» Dataset content
==============================

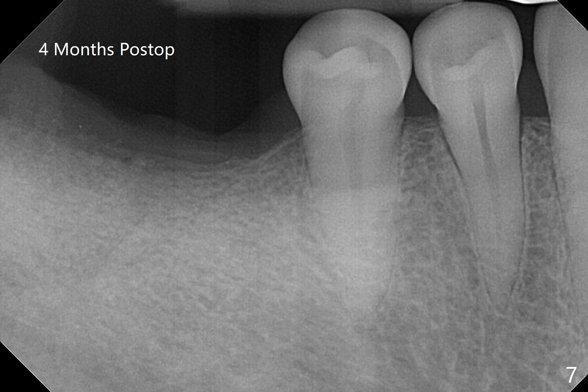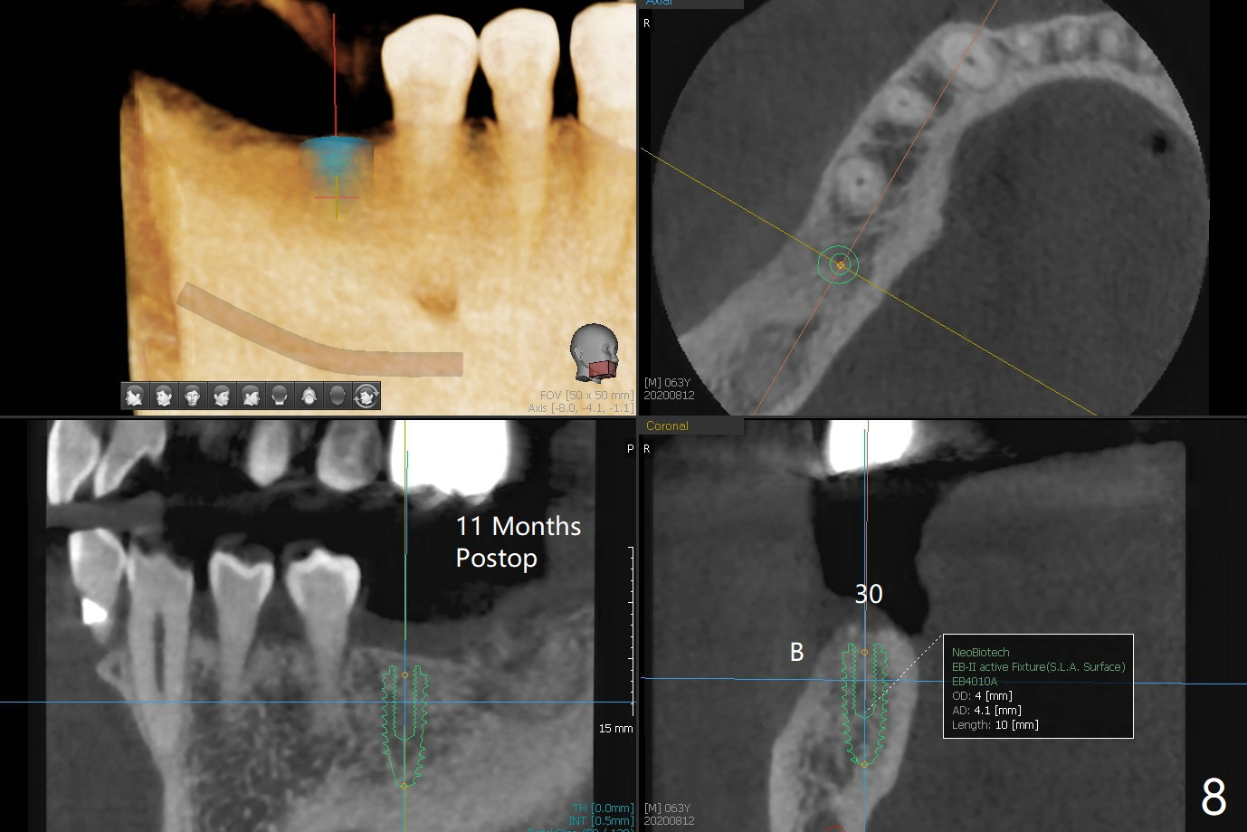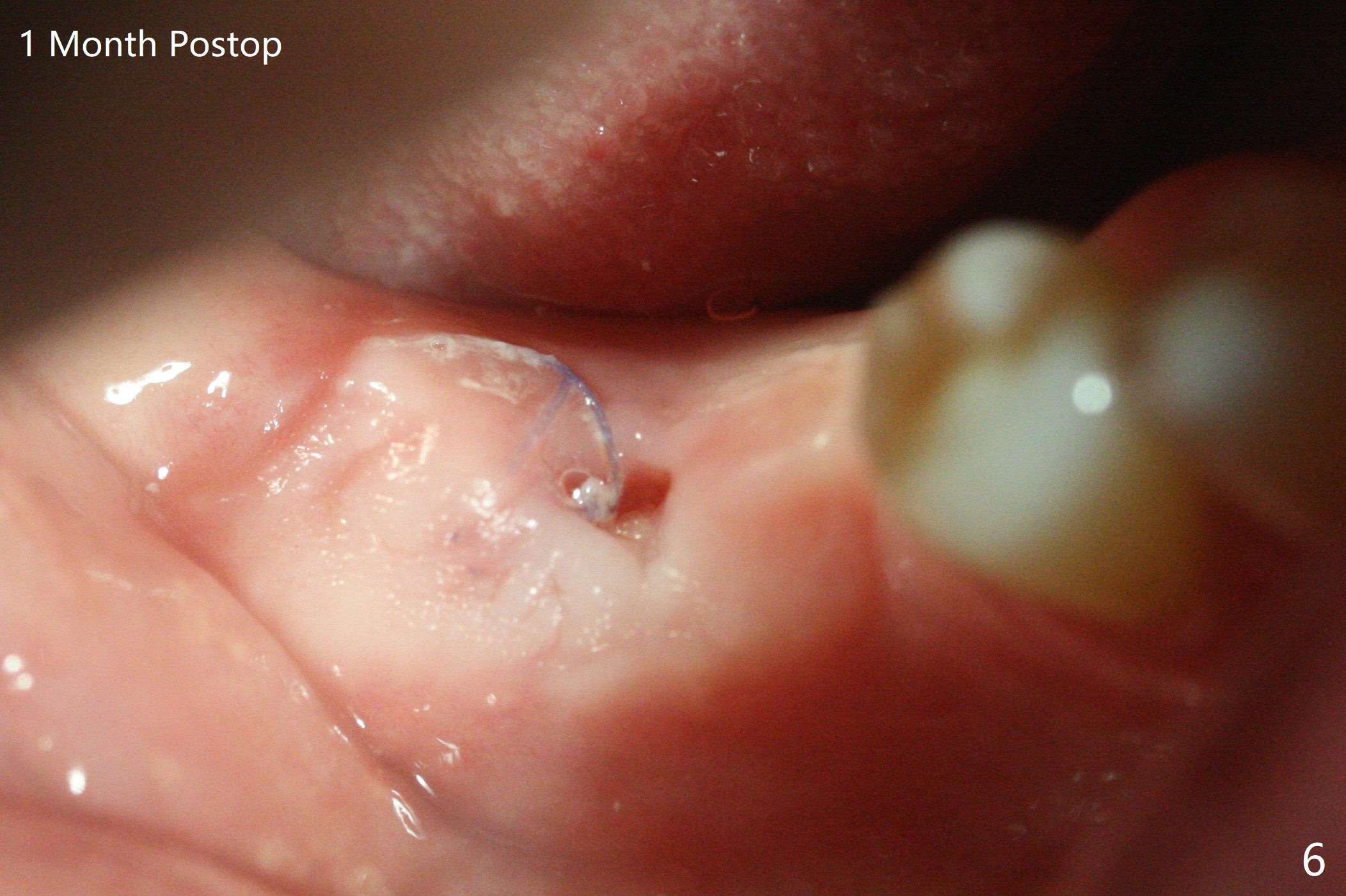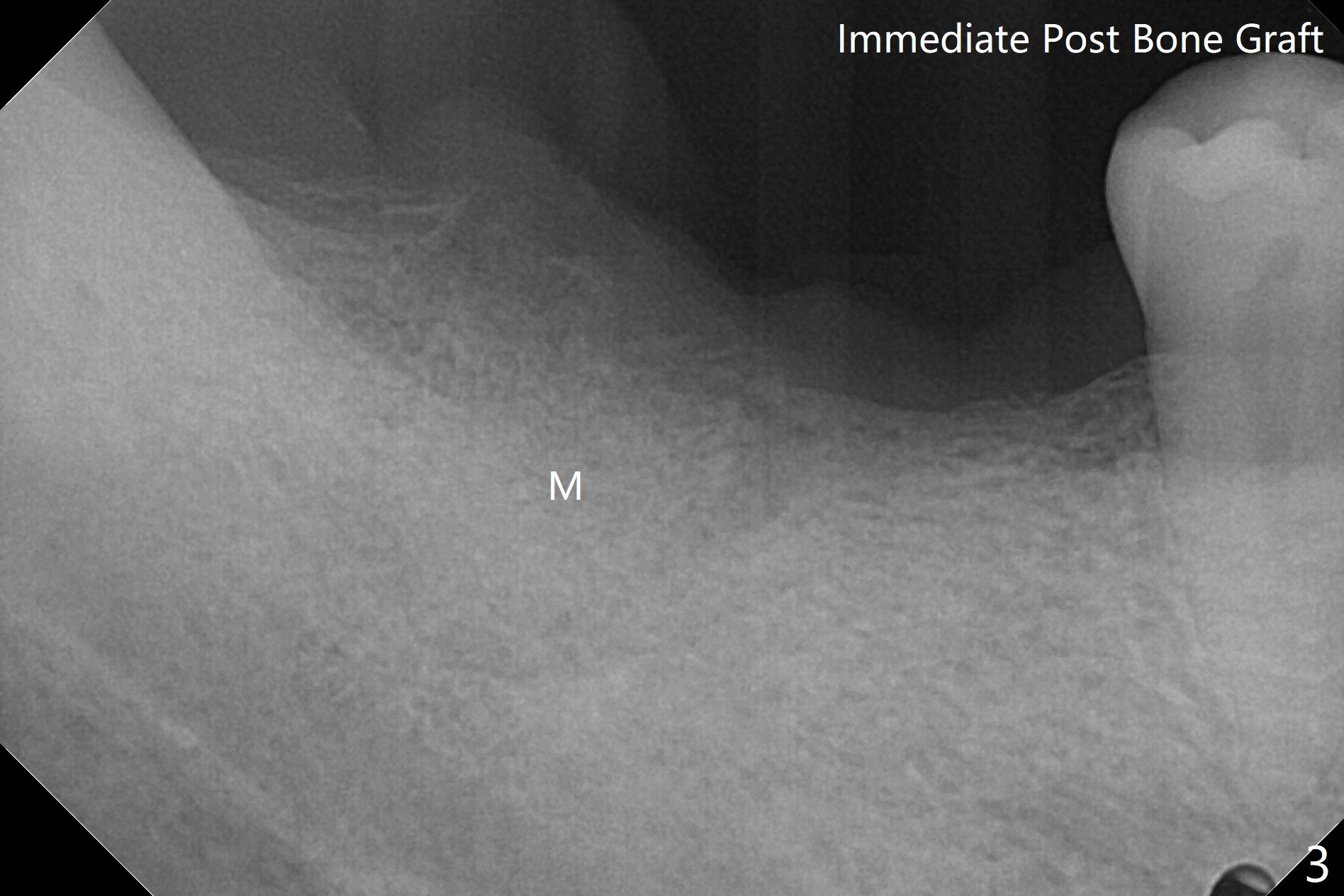 Since the tooth #31 is mesially shifted and tilted with mobility, it would not be a good distal anchor tooth for #30 implant placement with a surgical guide. It is extracted when an implant is placed at #3 so that autogenous bone harvested from the osteotomy at #3 will be mixed with allograft (Vanilla) and alloplast (Osteogen) for #31 socket preservation (Fig.3 M). After Osteogen plug and 6-month membrane are placed over the mixed graft, the socket is approximated with 5-0 PGA (Fig.1,2). The 6-month membrane appears to be retained 5 days postop (Fig.4). The socket reduces substantially nearly 1 month postop (Fig.5,6). The small 2nd molar socket (as compared to the 1st molar one) heals quick. PGA suture should be used more often (for more cases and repeat multiple times for secure closure). The bone density in the graft area increases 4 months postop (Fig.7). The graft remains in site nearly 11 months postop (Fig.8). The ridge #30 will be split with guide. In fact there is not much problem when the osteotomy moves lingual.
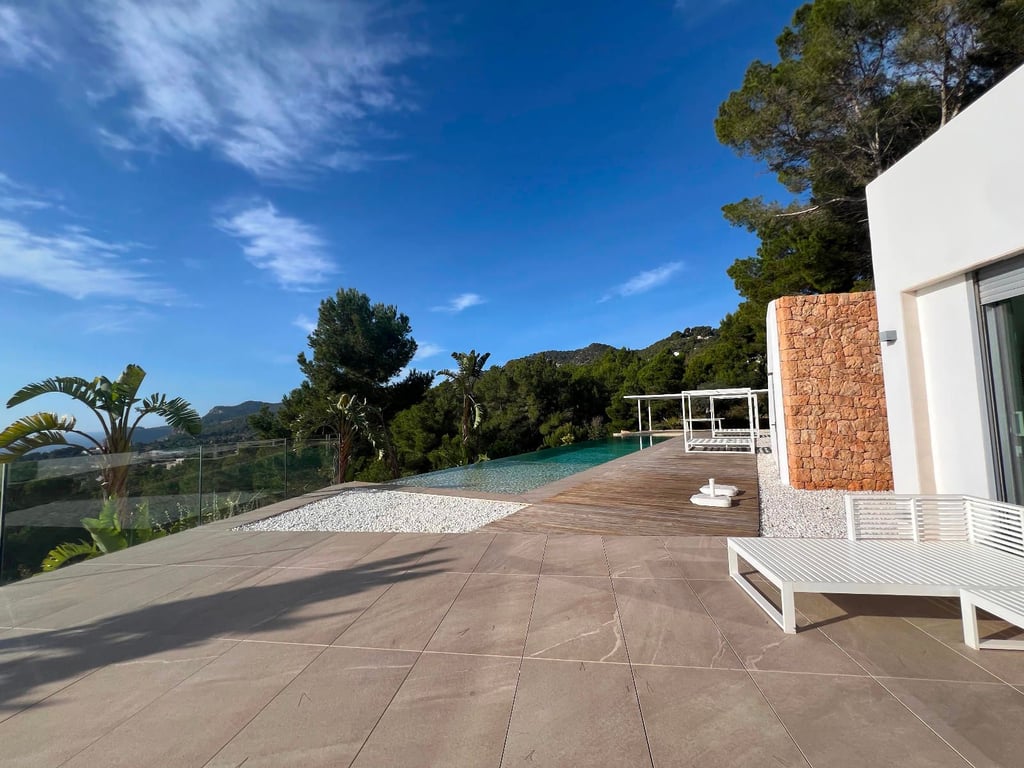 Exclusive luxury villa in Es Cubells with spectacular sea views. It has 5 spacious bedrooms with en suite bathrooms and 1 guest toilet. The designer kitchen is perfectly integrated with the living-dining room, offering an open and luminous space thanks to its large windows. In the basement, there is a large garage with capacity for 5 cars. Outside, enjoy the private swimming pool, several garden areas and an elegant chill out area to relax. Modern design, top quality finishes and a privileged lo...
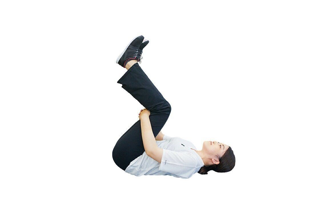背中を床に付ける。両手を膝の裏に当て、太ももを体に引きつける。背中から腰にかけての筋肉が伸びていることを意識する。
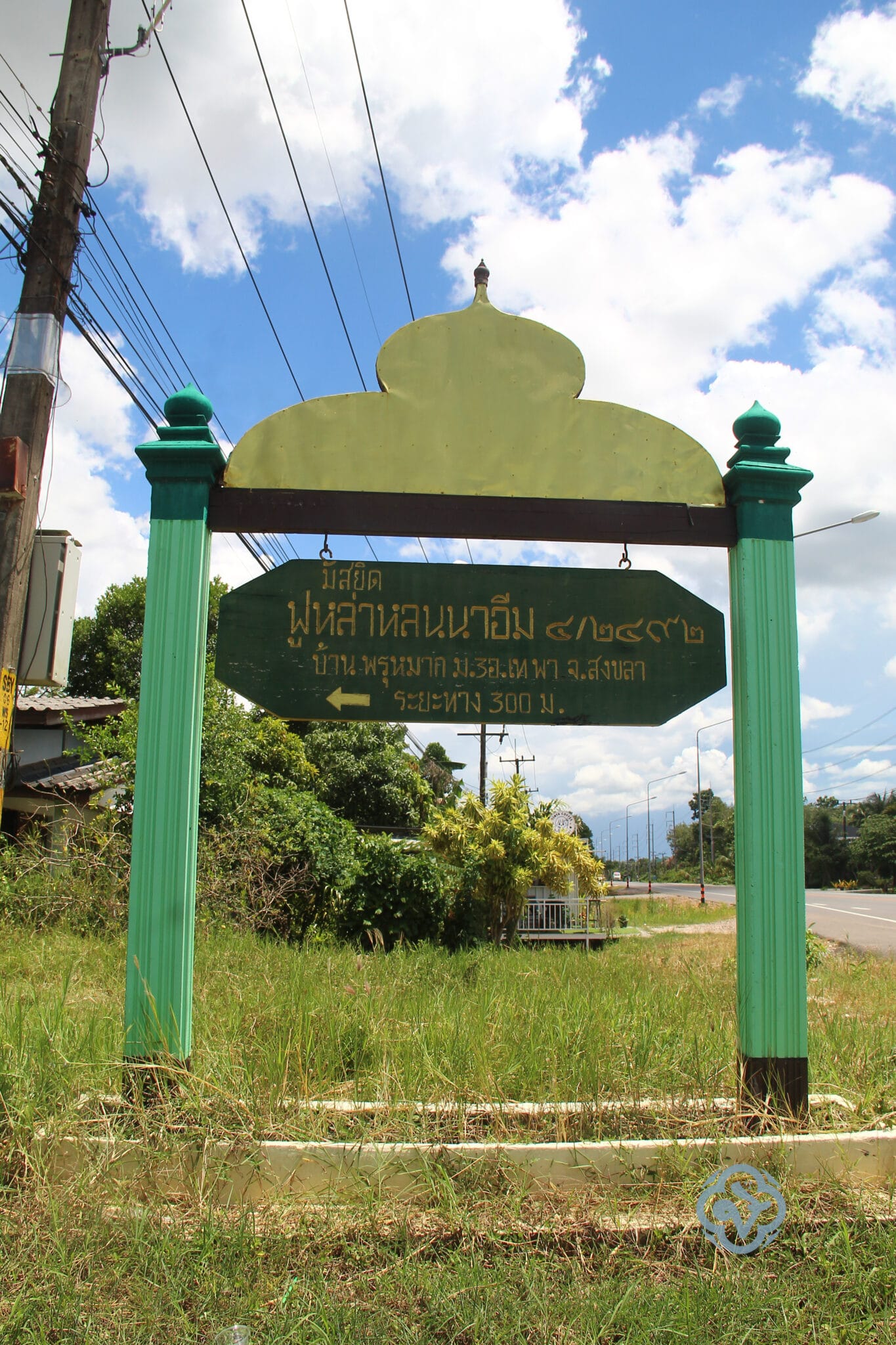 “…เมื่อประมาณปี พ.ศ. 2470 นายยีมะหลี หรนหลี ณ บริเวณมัสยิดปัจจุบันและได้มีผู้อาศัยอยู่บริเวณ มาร่วมละหมาดกับท่าน ณ ที่บ้าน ต่อมาท่านได้สร้างเป็นมัสยิด รูปแบบกั้นด้วยสังกะสี มุงหลังคาด้วยกระเบื้องอิฐดินเผา เทพื้นด้วยซีเมนต์ ต่อมาปี พ.ศ.2493 นายหะยีมุ มูณี ซึ่งเป็นหลานเขยของท่านได้ร่วมกับชาวบ้านและช่าง 4 ท่านคือ

==============================

» What you should do
Omit the pictures and repeat the rest of the listing verbatim.

» Result of this exercise
 Since the tooth #31 is mesially shifted and tilted with mobility, it would not be a good distal anchor tooth for #30 implant placement with a surgical guide. It is extracted when an implant is placed at #3 so that autogenous bone harvested from the osteotomy at #3 will be mixed with allograft (Vanilla) and alloplast (Osteogen) for #31 socket preservation (Fig.3 M). After Osteogen plug and 6-month membrane are placed over the mixed graft, the socket is approximated with 5-0 PGA (Fig.1,2). The 6-month membrane appears to be retained 5 days postop (Fig.4). The socket reduces substantially nearly 1 month postop (Fig.5,6). The small 2nd molar socket (as compared to the 1st molar one) heals quick. PGA suture should be used more often (for more cases and repeat multiple times for secure closure). The bone density in the graft area increases 4 months postop (Fig.7). The graft remains in site nearly 11 months postop (Fig.8). The ridge #30 will be split with guide. In fact there is not much problem when the osteotomy moves lingual.
 Exclusive luxury villa in Es Cubells with spectacular sea views. It has 5 spacious bedrooms with en suite bathrooms and 1 guest toilet. The designer kitchen is perfectly integrated with the living-dining room, offering an open and luminous space thanks to its large windows. In the basement, there is a large garage with capacity for 5 cars. Outside, enjoy the private swimming pool, several garden areas and an elegant chill out area to relax. Modern design, top quality finishes and a privileged lo...
背中を床に付ける。両手を膝の裏に当て、太ももを体に引きつける。背中から腰にかけての筋肉が伸びていることを意識する。
 “…เมื่อประมาณปี พ.ศ. 2470 นายยีมะหลี หรนหลี ณ บริเวณมัสยิดปัจจุบันและได้มีผู้อาศัยอยู่บริเวณ มาร่วมละหมาดกับท่าน ณ ที่บ้าน ต่อมาท่านได้สร้างเป็นมัสยิด รูปแบบกั้นด้วยสังกะสี มุงหลังคาด้วยกระเบื้องอิฐดินเผา เทพื้นด้วยซีเมนต์ ต่อมาปี พ.ศ.2493 นายหะยีมุ มูณี ซึ่งเป็นหลานเขยของท่านได้ร่วมกับชาวบ้านและช่าง 4 ท่านคือ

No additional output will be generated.